One very plausible explanation for the distinct disconnect in characterization between James’s and Cam’s ideas of Mr. Ramsay could be explained in their actions towards him, and his reciprocations in action. When James was a young boy, Mr. Ramsay famously said no, they cannot go to the Lighthouse today. In keeping with the norm of the human mind, it became James to only remember the negative of Mr. Ramsay’s actions. Mr. Ramsay didn’t like it when Mrs. Ramsay spoke her mind, Mr. Ramsay didn’t like it when something was done in a fashion he didn’t agree with, and Mr. Ramsay dashed James’s hopes and wouldn’t take them to the Lighthouse. James has a predisposition to only remember the negatives, because so many of his experiences with his father have been rather negative. On the other hand, Cam only remembers good things of her childhood with Mr. Ramsay. She talks extensively about her experiences sitting in the reading room with Mr. Ramsay and Mr. Carmichael, while Mr Carmichael would read The Times and Mr. Ramsay would write in his journal, or read a book. She fondly remembers the sound of the paper turning its page, and when one would make a comment to the other and would start some sort of discussion. Her positive remembrances directly influence the positivity in which she sheds Mr. Ramsay.

In conclusion, it would be wise to say that Mr. Ramsay never actually has his character really fleshed out and discovered, because none of the accounts of his character are from people who can separate their personal interactions with Mr. Ramsay from the man himself. His character is extremely subjective, dependent upon how the other characters feel about certain moments in time, where he happened to factor in. His children’s opinions, then, are of the most importance, because in each child’s different opinion, we see not necessarily how Mr. Ramsay acts as a character, but who the child is as a character.

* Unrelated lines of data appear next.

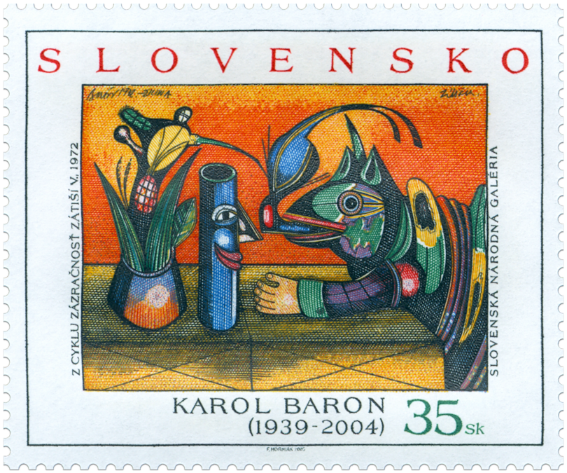 © Slovenská pošta, a.s., 2005 Karol Baron patrí k významným slovenským maliarom druhej polovice 20. storočia a ako jediný sa orientoval na surrealizmus. Študoval na Vysokej škole výtvarných umení v Bratislave u prof. Petra Matejku monumentálnu maľbu. Od začiatku 70. rokov, po úspešných prvých výstavách, sa jeho umelecký názor stal neprijateľným. Zapojil sa do undergroundového hnutia českých a slovenských surrealistov. Pre nemožnosť vystavovať voľnú tvorbu sa venoval tvorbe gobelínov pre rôzne reprezentačné miestnosti. Rozsiahle maliarske dielo mohol zverejniť až na konci 80. rokov. Odvtedy sa dostal do popredia pozornosti, usporiadal si množstvo výstav doma i v zahraničí. Pedagogicky pôsobil na Univerzite...
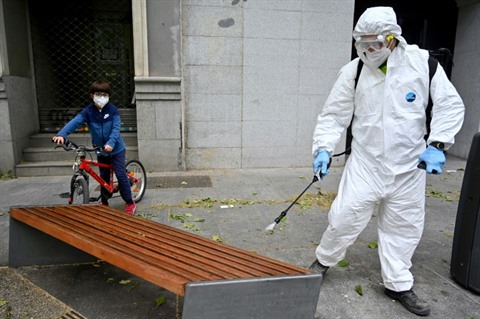 | Un agent désinfecte un banc public à Madrid, le 28 avril. |
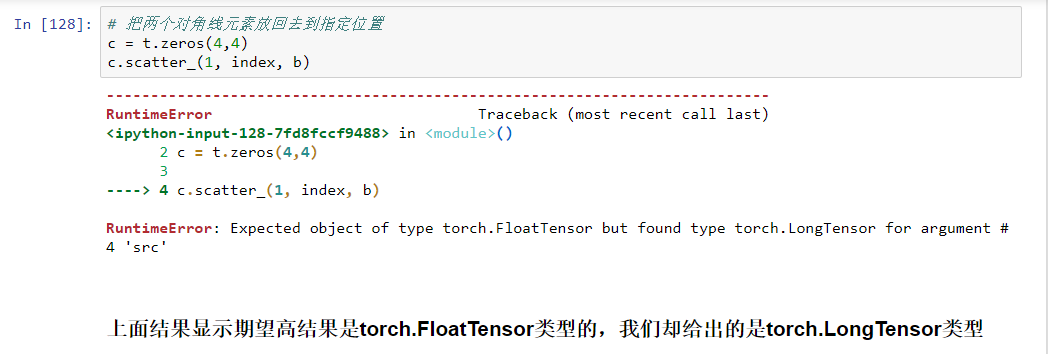 与gather相对应的逆操作是scatter_,gather把数据从input中按index取出,而scatter_是把取出的数据再放回去。注意scatter_函数是inplace操作。
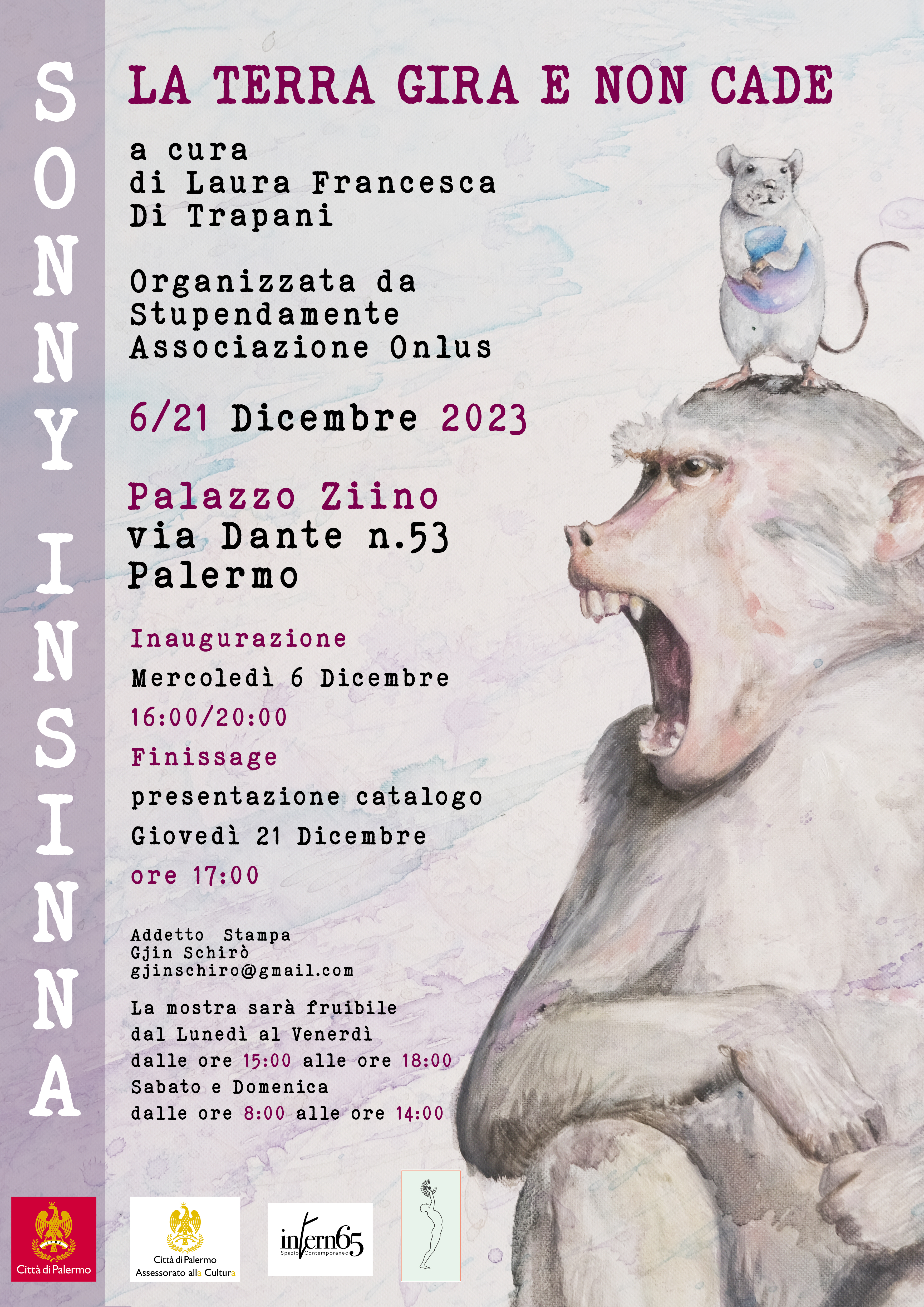 Mercoledì 6 dicembre prossimo verrà inaugurata a Palazzo Ziino la mostra di Sonny Insinna dal titolo "La terra gira e non cade”.

James is the sad and lonely boy who lost his loving mother, and was left with a bitter, mean man to care for him in her place. Cam is loving, girlish, probably the utmost stereotype of the man-pleasing woman. She remembers her father’s intelligence, how he used to make her feel at peace, and so even when she wants to see something bad, see Mr. Ramsay form James’s point of view, she can’t because the positivity of her own life makes the negativity in James’s viewpoint alien to her. The children’s judgments of Mr. Ramsay are of more use in telling who the child is than who the man behind the judgments is.